A despedida de Sheryl Sandberg

Sandberg participou da teleconferência de resultados, marcando sua última aparição pela Meta antes de deixar o cargo de diretora de operações.  A executiva, no entanto, ainda permanecerá no conselho da big tech. “É realmente difícil mensurar o tamanho do impacto que Sheryl teve”, diz Zuckerberg, nos negócios e “comigo pessoalmente”.

A executiva apresentou o relatório de anunciantes habitual dizendo que as marcas estavam testando os Reels com sucesso como formato de anúncio.
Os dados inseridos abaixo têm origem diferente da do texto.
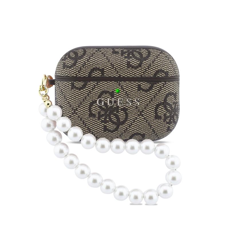 AirPods Pro 3 Guess 4G Classic Logo Hülle mit Perlenriemen - Braun
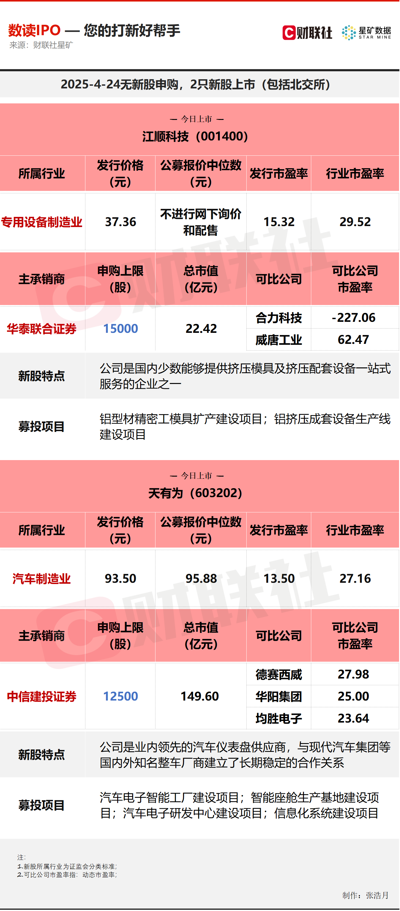 今日无新股申购;有2只新股上市,分别为深交所的江顺科技,沪市主板的天有为。
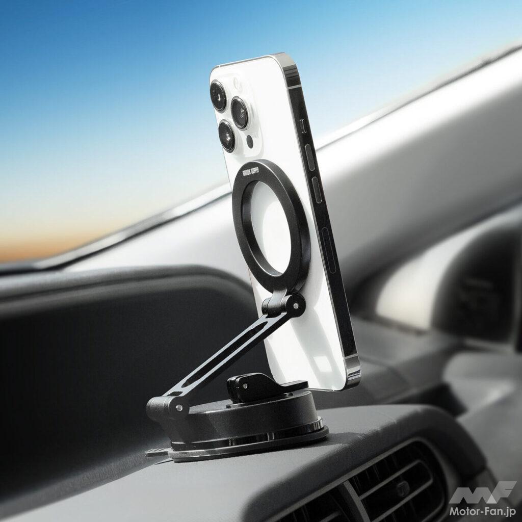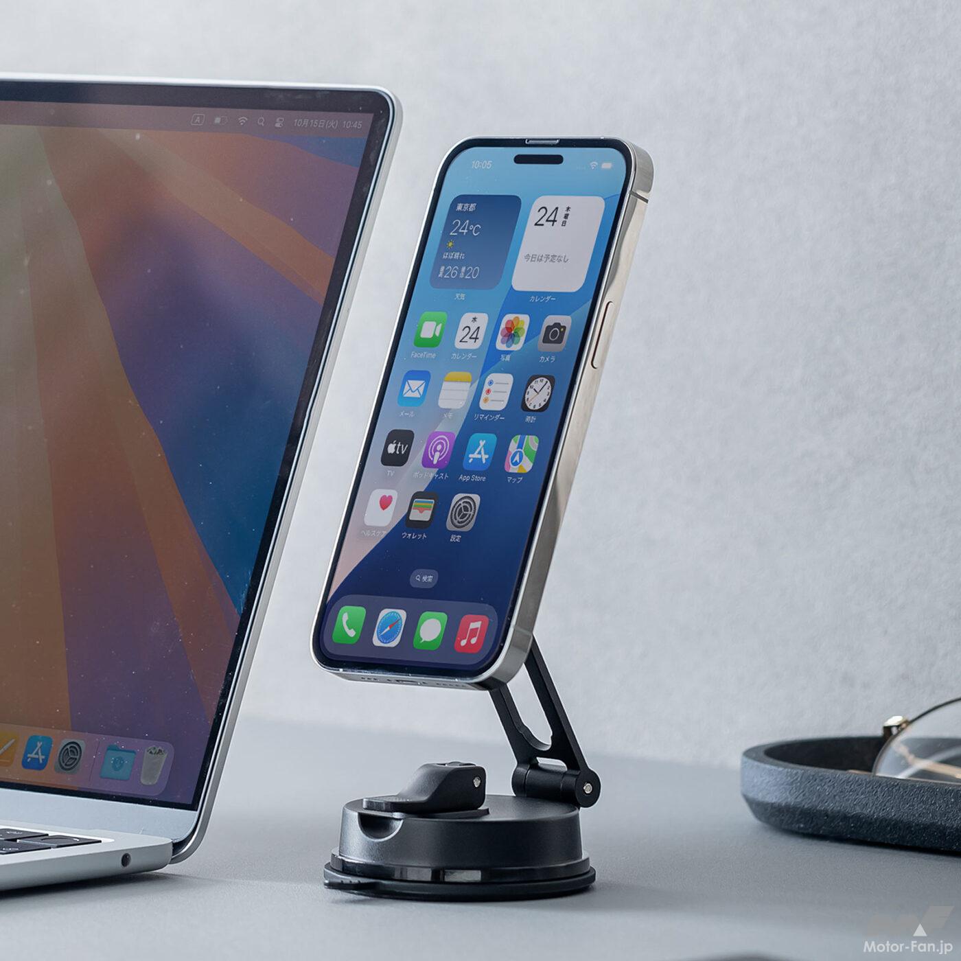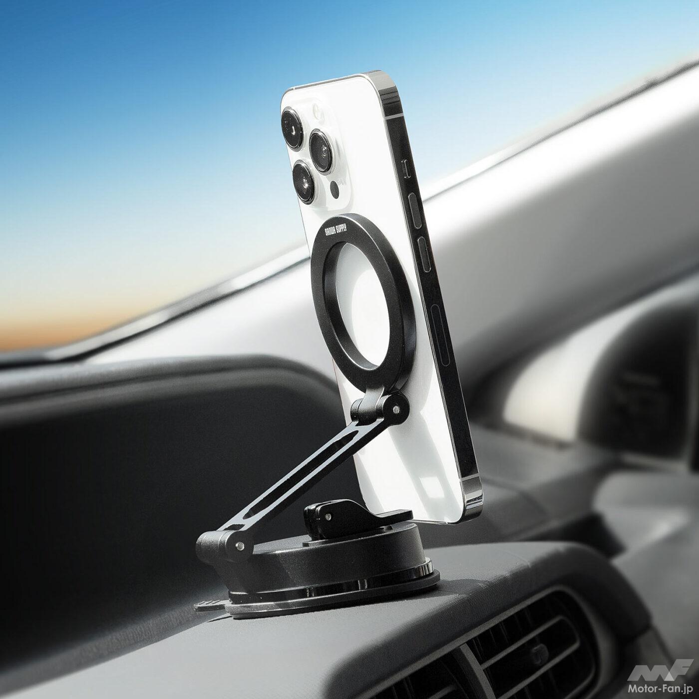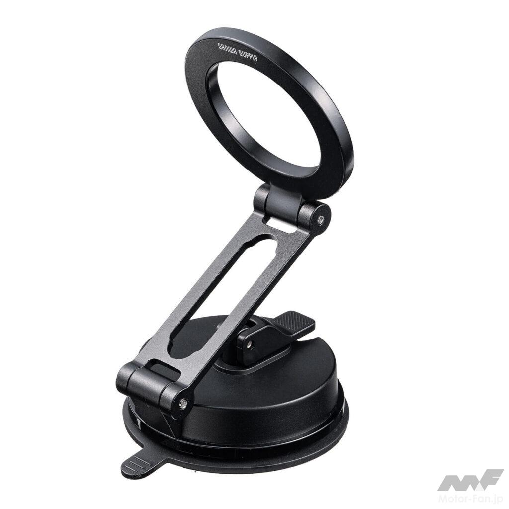 サンワサプライの『200-CAR117』は、iPhoneに搭載されている“MagSafe”を活用できるスマホホルダー。強力なマグネットを採用することで、わずか1秒の素早く確実な取り付けを実現している。走行中の振動にも強く、ズレたり脱落する心配がない。重量300gまでのスマホに適合しており、MagSafe非対応のスマホは付属のメタルリングを取り付けることで利用可能だ。

Sandberg declara que vê um “potencial significativo de crescimento no futuro. Vai levar tempo, mas temos um manual”.

Metaverso ainda no roteiro

A ênfase da Meta em ser uma empresa que prioriza o metaverso gerou ceticismo, já que seu plano de negócios parece vago. O CEO está perseguindo um futuro em que a realidade virtual e os dispositivos serão onipresentes e mudarão o comércio e a vida cotidiana. Isso “desbloqueará centenas de bilhões de dólares, se não trilhões ao longo do tempo”, acredita Zuckerberg.

Dito isso, ele sugere um certo esforço comedido da empresa durante o atual clima econômico, que muitas empresas esperam que possa levar a amplas retrações.

O impacto da Apple

É claro que as mudanças na plataforma da Apple atingiram muitos aplicativos, incluindo Facebook, Instagram, Snapchat, Twitter e outros. Aqueles que dependem de publicidade para obter receita estão tendo problemas para provar às marcas que seus anúncios são eficazes, devido às mudanças antirrastreamento da big tech. Agora é mais difícil rastrear um consumidor desde o momento em que ele visualiza um anúncio até onde ele realiza uma ação, como fazer uma compra ou um download.
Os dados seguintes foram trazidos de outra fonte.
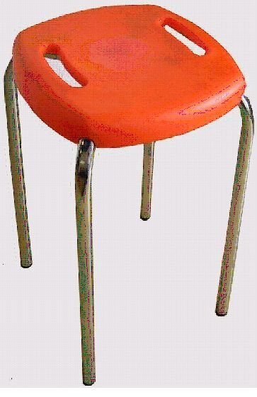 Табурет на хромированной раме. Пластиковое сидение с прорезями для удобного переноса. Изготавливается в четырех видах пластика
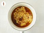 1: | (A)を合わせて中火にかけ、沸騰したら弱火にして溶きほぐした卵を回し入れる。 | |
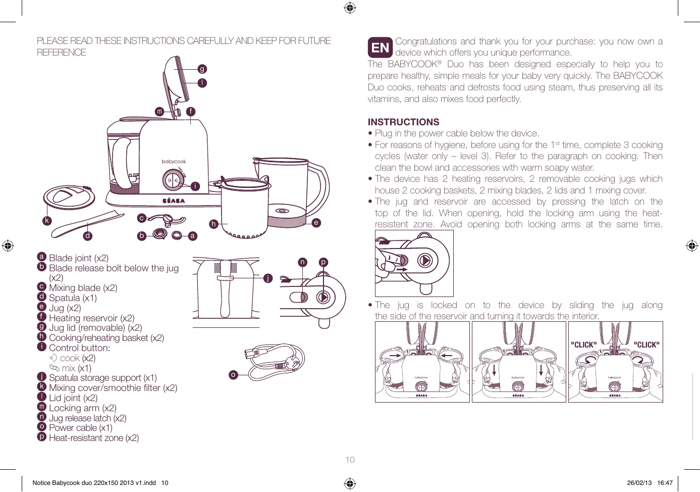 Download the instructions for your Robot cuiseur pour bébés in PDF format for free! Find your manual BABYCOOK DUO - BEABA and take your electronic device back in hand. On this page are published all the documents necessary for the use of your device. BABYCOOK DUO by BEABA.
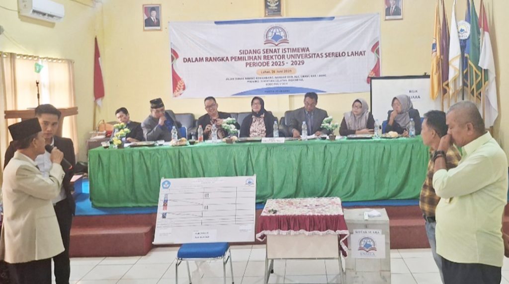 LAHAT SUMSEL, MLCI – Pemilihan Rektor Universitas Serelo Lahat (Unsela) periode 2025-2029 yang digelar dalam Sidang Senat Istimewa (SII) berakhir imbang di kampus Jalan Taman Ribang Kemambang Bandar Jaya Kecamatan Lahat. Kamis (26/6).
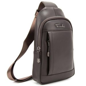 Чоловічий шкіряний коричневий слінг на плече Tavinchi TV-827C
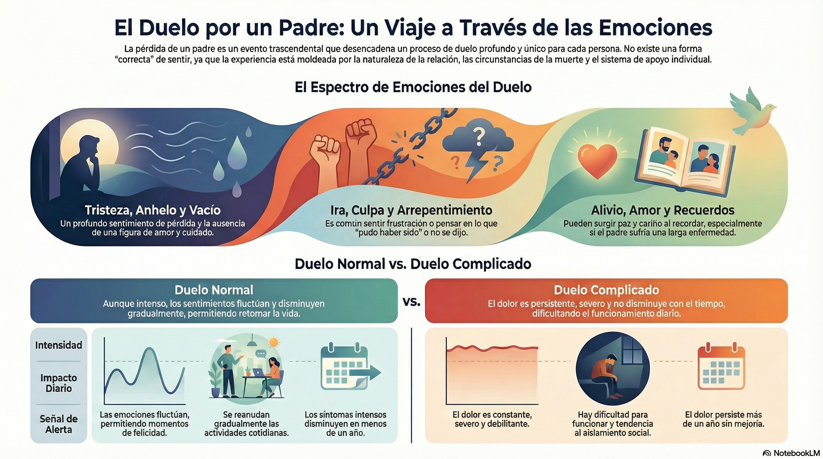 El duelo por la pérdida de un padre es una experiencia profundamente personal y multifacética. La investigación indica que no existe una forma «correcta» de sentir o una línea de tiempo predeterminada para la curación. Las emociones experimentadas pueden variar ampliamente, desde la tristeza y el shock iniciales hasta la ira, la culpa, el amor e incluso el alivio, influenciadas en gran medida por la naturaleza de la relación con el padre fallecido. Es crucial recordar que cada viaje de duelo es único y debe abordarse con paciencia y autocompasión. Buscar el apoyo de seres queridos, participar en el autocuidado y considerar la ayuda profesional a través de la terapia de duelo o grupos de apoyo son pasos valiosos para afrontar el dolor. Las perspectivas culturales y religiosas pueden ofrecer consuelo y un marco para comprender la muerte, mientras que reconocer la diferencia entre el duelo normal y el complicado puede ayudar a las personas a buscar la ayuda adecuada cuando sea necesario. A través de los testimonios personales, se hace evidente que, aunque el dolor de perder a un padre puede ser inmenso, también existe la posibilidad de encontrar formas de honrar su memoria, adaptarse a la pérdida y, finalmente, encontrar un camino a seguir.
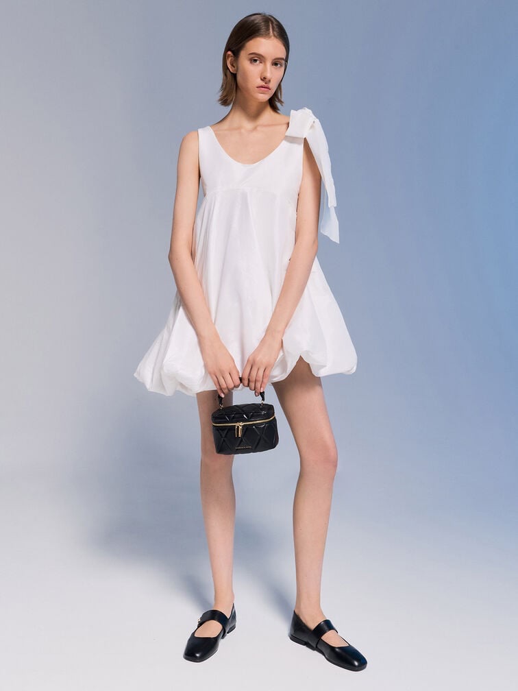 The petite shape and classic quilted design of this Arwen bag make it ideal for special occasions and evening dinners. Inspired by compact vanity cases, this bag features a top handle and a detachable braided chain strap, offering versatile carrying options.
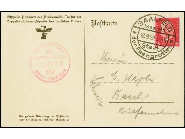 1929, Deutschlandfahrt, Teil I mit Abwurf Saalfeld, Karte mit Bordstempel vom 12.9. und Reichspräsidenten 15 Pfennig mit Werbestempel "SAALFELD - Stadt der Feengrotten 12.9.29" nach Basel in einwandfreier Erhaltung, Fotoattest Sieger A.I.E.P. (2012)
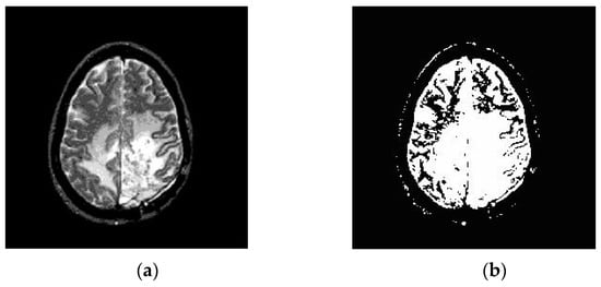 (a) Preprocessed image, (b) Processed image after Otsu threshold segmentation.
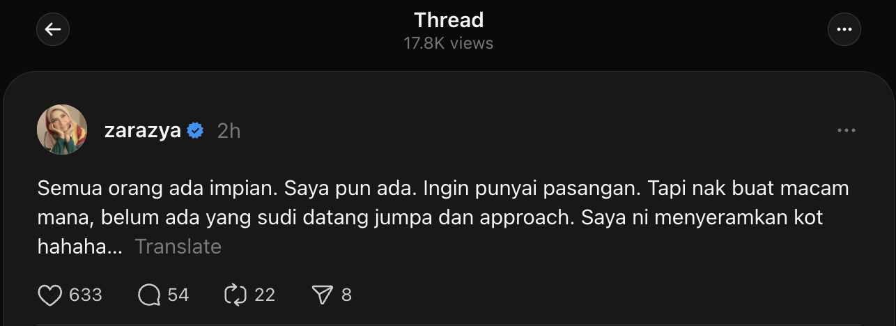 Menurut Zara atau nama lengkapnya Zainurul Razia Mohd Zainuddin, keinginan untuk mempunyai teman hidup sentiasa ada namun jodoh belum menyebelahinya setakat ini.
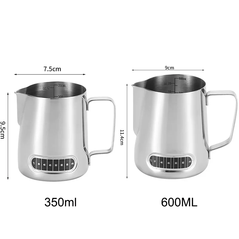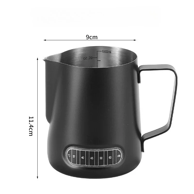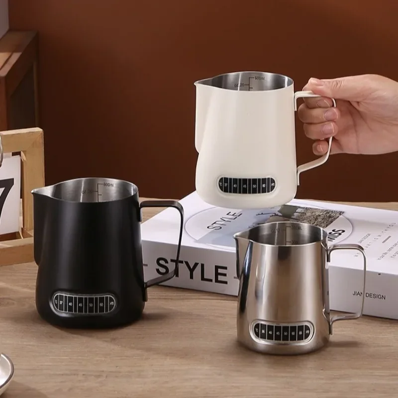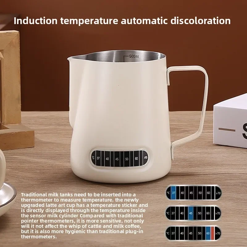 Pichet mousseur à café et lait, Patch de détection de température, échelle précise en acier inoxydable, contrôle du Volume, outil à café professionnel avancé

A Meta ainda acha que pode desenvolver novos modelos de inteligência artificial para alimentar sua plataforma de anúncios, o que pode reduzir sua dependência dos dados da Apple. “Estamos adaptando nosso sistema de anúncios para fazer mais com menos dados”, diz Sandberg.

Zuckerberg reforça que a Meta está sendo prejudicada pela “perda de sinal vindo do iOS”, que é o software da Apple para iPhones. Contudo, a companhia estaria investindo em uma nova infraestrutura, tendo uma “vantagem tecnológica sobre outros concorrentes”, salienta.